▶ _Your assignment_
Take the lines below from the one with "接下来播放准备好的电影视频,视频关于中国" through the one with "Дубинські настільки розкрутились" and retype them exactly. Include nothing else, and no pictures.

▶ _Supplied records_

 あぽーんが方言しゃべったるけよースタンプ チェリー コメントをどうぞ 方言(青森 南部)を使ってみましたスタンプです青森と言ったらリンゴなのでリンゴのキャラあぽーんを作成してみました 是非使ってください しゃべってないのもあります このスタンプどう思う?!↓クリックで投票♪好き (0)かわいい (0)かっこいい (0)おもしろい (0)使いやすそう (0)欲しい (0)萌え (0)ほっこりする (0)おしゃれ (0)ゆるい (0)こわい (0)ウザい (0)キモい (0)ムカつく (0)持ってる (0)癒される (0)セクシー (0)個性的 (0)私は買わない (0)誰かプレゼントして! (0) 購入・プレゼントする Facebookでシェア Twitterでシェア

* * *

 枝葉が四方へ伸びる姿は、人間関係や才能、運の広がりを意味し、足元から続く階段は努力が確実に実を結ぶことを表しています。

==

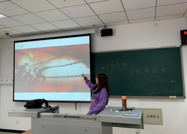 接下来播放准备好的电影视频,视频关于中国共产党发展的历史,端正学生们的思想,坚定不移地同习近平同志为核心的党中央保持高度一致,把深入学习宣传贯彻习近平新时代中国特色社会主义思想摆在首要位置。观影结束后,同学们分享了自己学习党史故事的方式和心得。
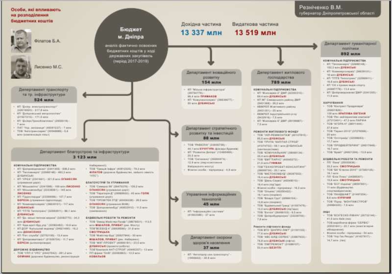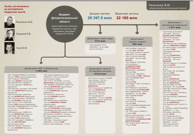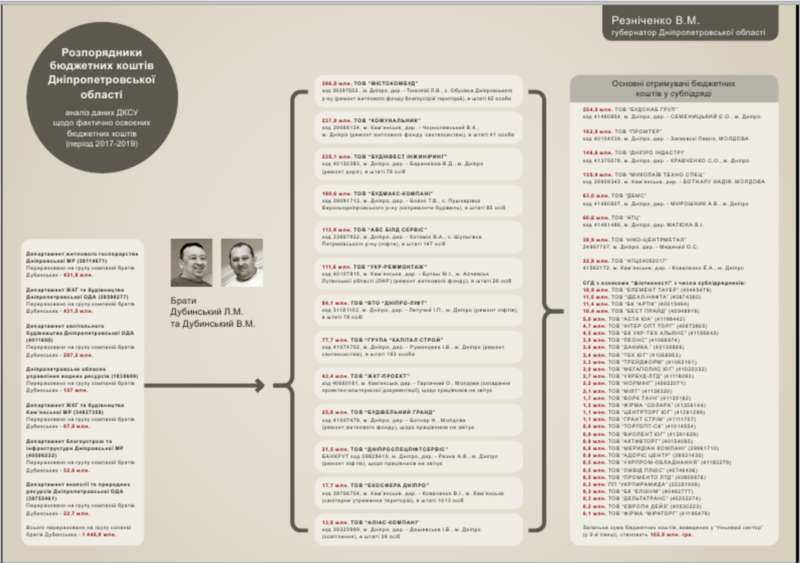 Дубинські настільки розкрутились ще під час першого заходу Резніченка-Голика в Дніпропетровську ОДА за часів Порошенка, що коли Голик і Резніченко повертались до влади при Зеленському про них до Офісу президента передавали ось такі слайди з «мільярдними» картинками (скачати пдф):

▶ _Result below_
 接下来播放准备好的电影视频,视频关于中国共产党发展的历史,端正学生们的思想,坚定不移地同习近平同志为核心的党中央保持高度一致,把深入学习宣传贯彻习近平新时代中国特色社会主义思想摆在首要位置。观影结束后,同学们分享了自己学习党史故事的方式和心得。
 Дубинські настільки розкрутились ще під час першого заходу Резніченка-Голика в Дніпропетровську ОДА за часів Порошенка, що коли Голик і Резніченко повертались до влади при Зеленському про них до Офісу президента передавали ось такі слайди з «мільярдними» картинками (скачати пдф):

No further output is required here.